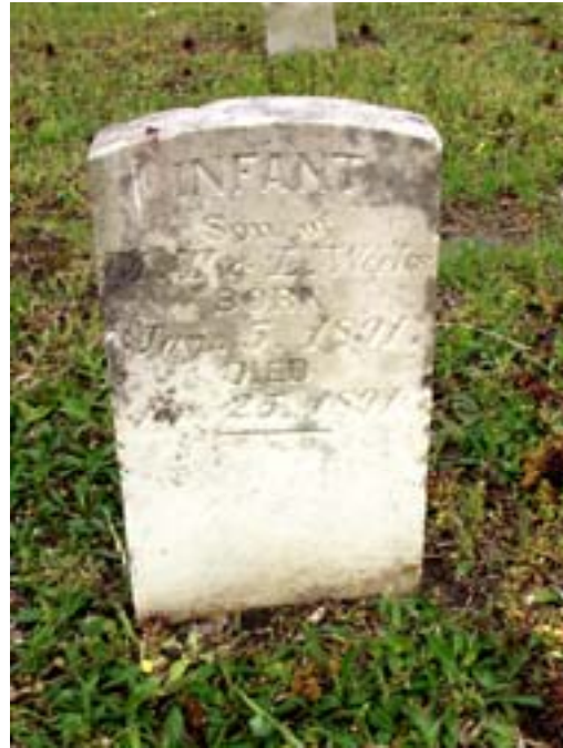
14. Infant Son of M. T. & L. Weeks January 5, 1891 - January 25, 1891
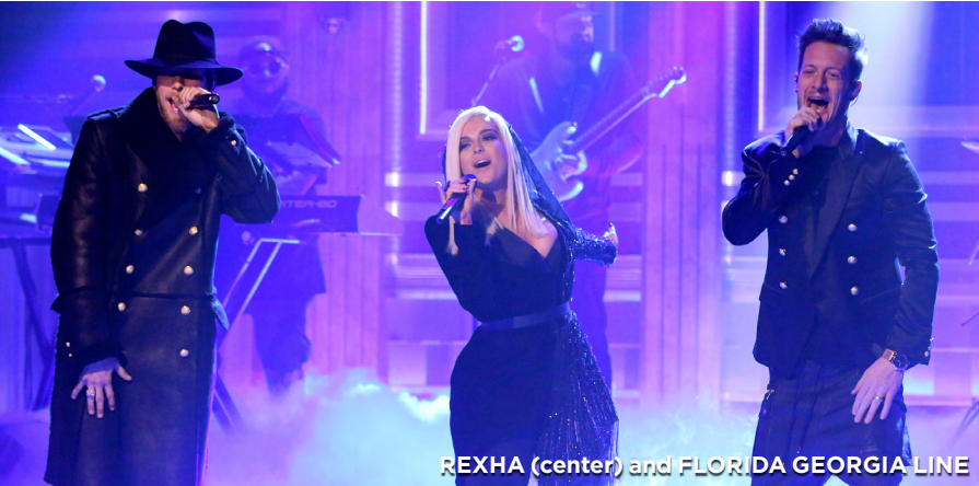
REXHA (center) and FLORIDA GEORGIA LINE
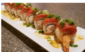
Hawaiian Roll (8pcs) 🌶️ In: Shrimp Tempura, Krab Top: Spicy Tuna, w/ Spicy Sauce, Green Onion, Spicy Mayo
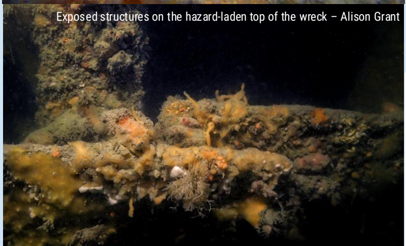
Exposed structures on the hazard-laden top of the wreck – Alison Grant

This is a dive to take slowly. 45 minutes will let you complete a circuit of the wreck and return to the line just ahead of your NDL, stopping to admire a hundred delicate oddities will catch the attention of your light along the way. If you are lucky enough to feel the passing ferry vibrating your bones, you'll wonder yet how the filmy lacework and silk tapestry isn't ripped apart with every passing trip.
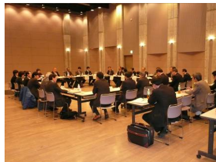
Meeting with local stakeholders
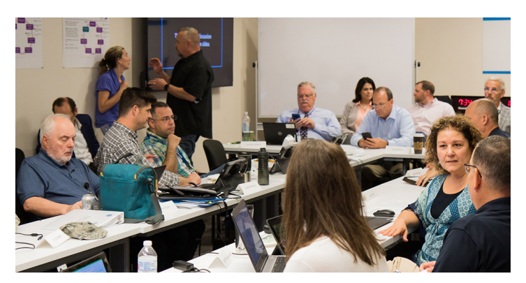
DHMSM at work in the MHS GENESIS Go-Live command center, ensuring a smooth transition.

In 2009, the Obama administration directed DoD and the Department of Veterans Affairs (VA) to develop a joint virtual lifetime EHR to enable a seamless transition for service members entering veteran status. Through their collaborative efforts, DoD and VA determined their organizations had
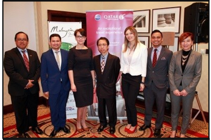
“Malaysia Truly Asia” Workshop
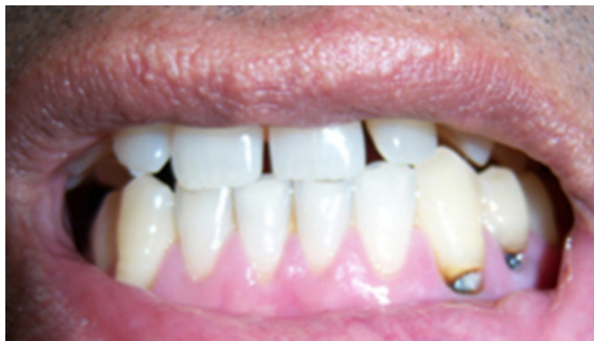
Figure 2: Photograph showing root caries in 33 & 34.
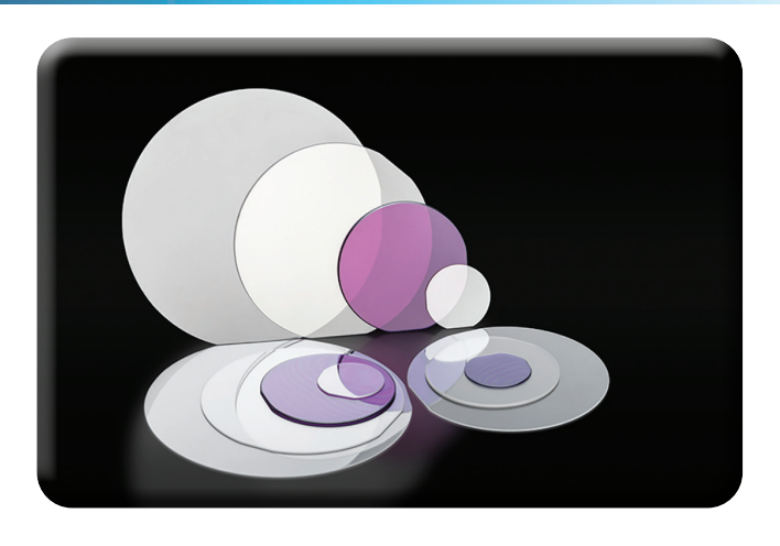
Garnets wafers of different compositions (SGGG, GGG, NGG) and different diameters (from 1" to 4")

We have a large industrial capacity available and we can provide unique pieces as well as thousands of wafers.
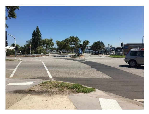
Figure 2.4: Dickens Street looking southwest (adjacent to site)
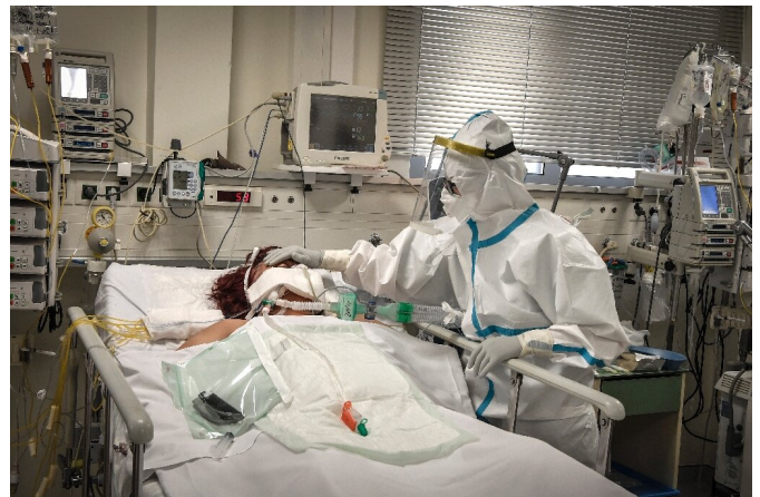
A nurse attends to a patient suffering from Covid-19 in an Athens suburb on November 20, 2020

The antibody therapy approval in the United States offers some hope for those infected, though a relatively small number of doses will be available in the coming weeks.
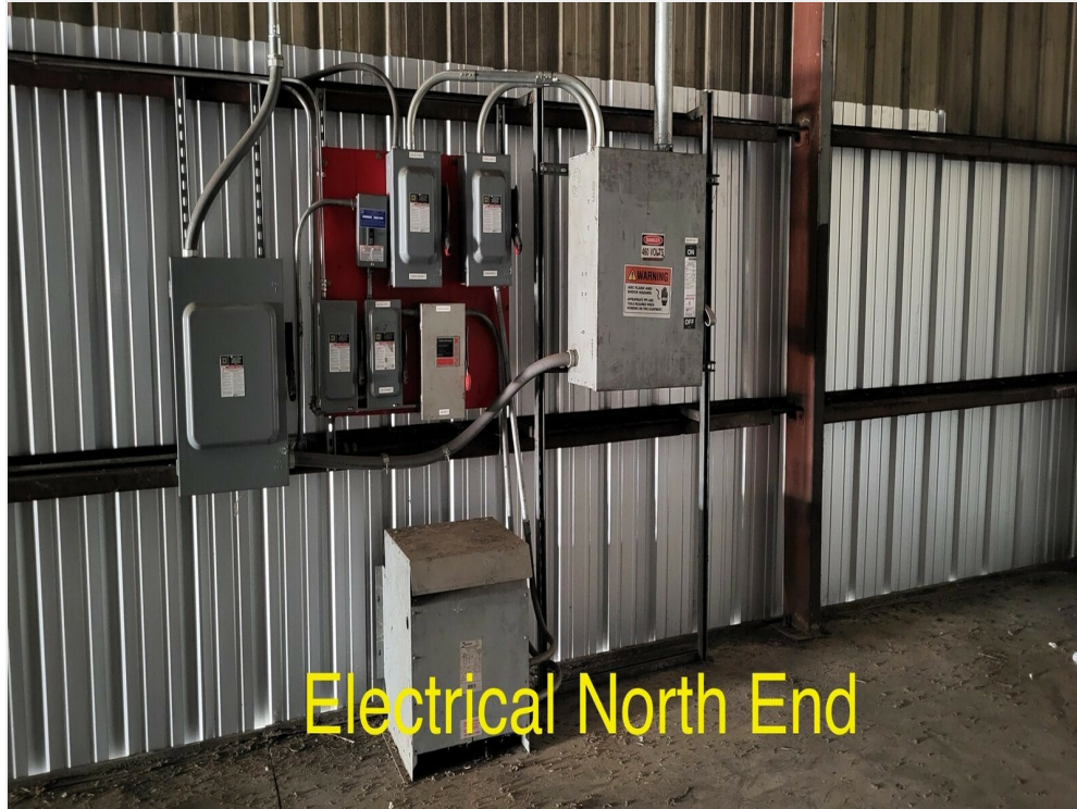
Electrical North End
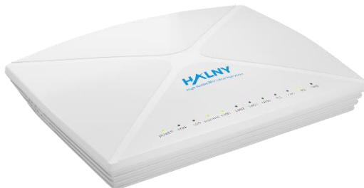
Fig. 1 - Front Panel
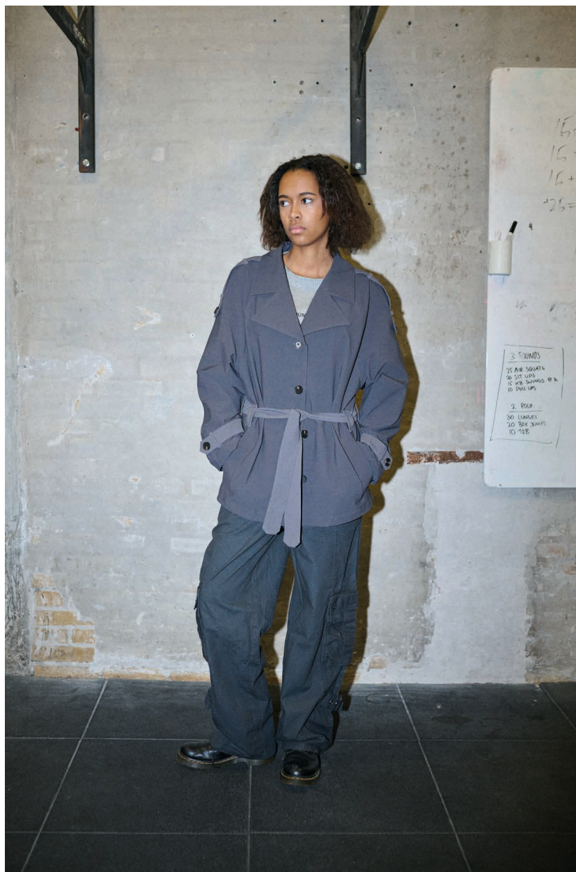
01 LuccaHBS Jacket 02 JazzHBS Pullover 03 LuzHBS Pants
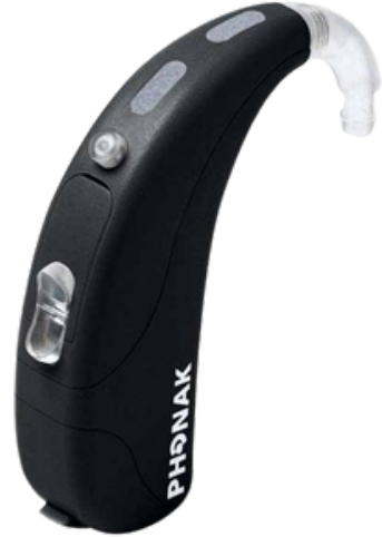
Behind-the-Ear (BTE) Powerful & Durable
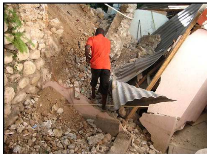
Devastation from the recent Earthquake

• **REQUIRED WORK**
Copy all of the data above exactly. Leave out every picture.

• **SOLUTION**
14. Infant Son of M. T. & L. Weeks January 5, 1891 - January 25, 1891
REXHA (center) and FLORIDA GEORGIA LINE
Hawaiian Roll (8pcs) 🌶️ In: Shrimp Tempura, Krab Top: Spicy Tuna, w/ Spicy Sauce, Green Onion, Spicy Mayo
Exposed structures on the hazard-laden top of the wreck – Alison Grant

This is a dive to take slowly. 45 minutes will let you complete a circuit of the wreck and return to the line just ahead of your NDL, stopping to admire a hundred delicate oddities will catch the attention of your light along the way. If you are lucky enough to feel the passing ferry vibrating your bones, you'll wonder yet how the filmy lacework and silk tapestry isn't ripped apart with every passing trip.
Meeting with local stakeholders
DHMSM at work in the MHS GENESIS Go-Live command center, ensuring a smooth transition.

In 2009, the Obama administration directed DoD and the Department of Veterans Affairs (VA) to develop a joint virtual lifetime EHR to enable a seamless transition for service members entering veteran status. Through their collaborative efforts, DoD and VA determined their organizations had
“Malaysia Truly Asia” Workshop
Figure 2: Photograph showing root caries in 33 & 34.
Garnets wafers of different compositions (SGGG, GGG, NGG) and different diameters (from 1" to 4")

We have a large industrial capacity available and we can provide unique pieces as well as thousands of wafers.
Figure 2.4: Dickens Street looking southwest (adjacent to site)
A nurse attends to a patient suffering from Covid-19 in an Athens suburb on November 20, 2020

The antibody therapy approval in the United States offers some hope for those infected, though a relatively small number of doses will be available in the coming weeks.
Electrical North End
Fig. 1 - Front Panel
01 LuccaHBS Jacket 02 JazzHBS Pullover 03 LuzHBS Pants
Behind-the-Ear (BTE) Powerful & Durable
Devastation from the recent Earthquake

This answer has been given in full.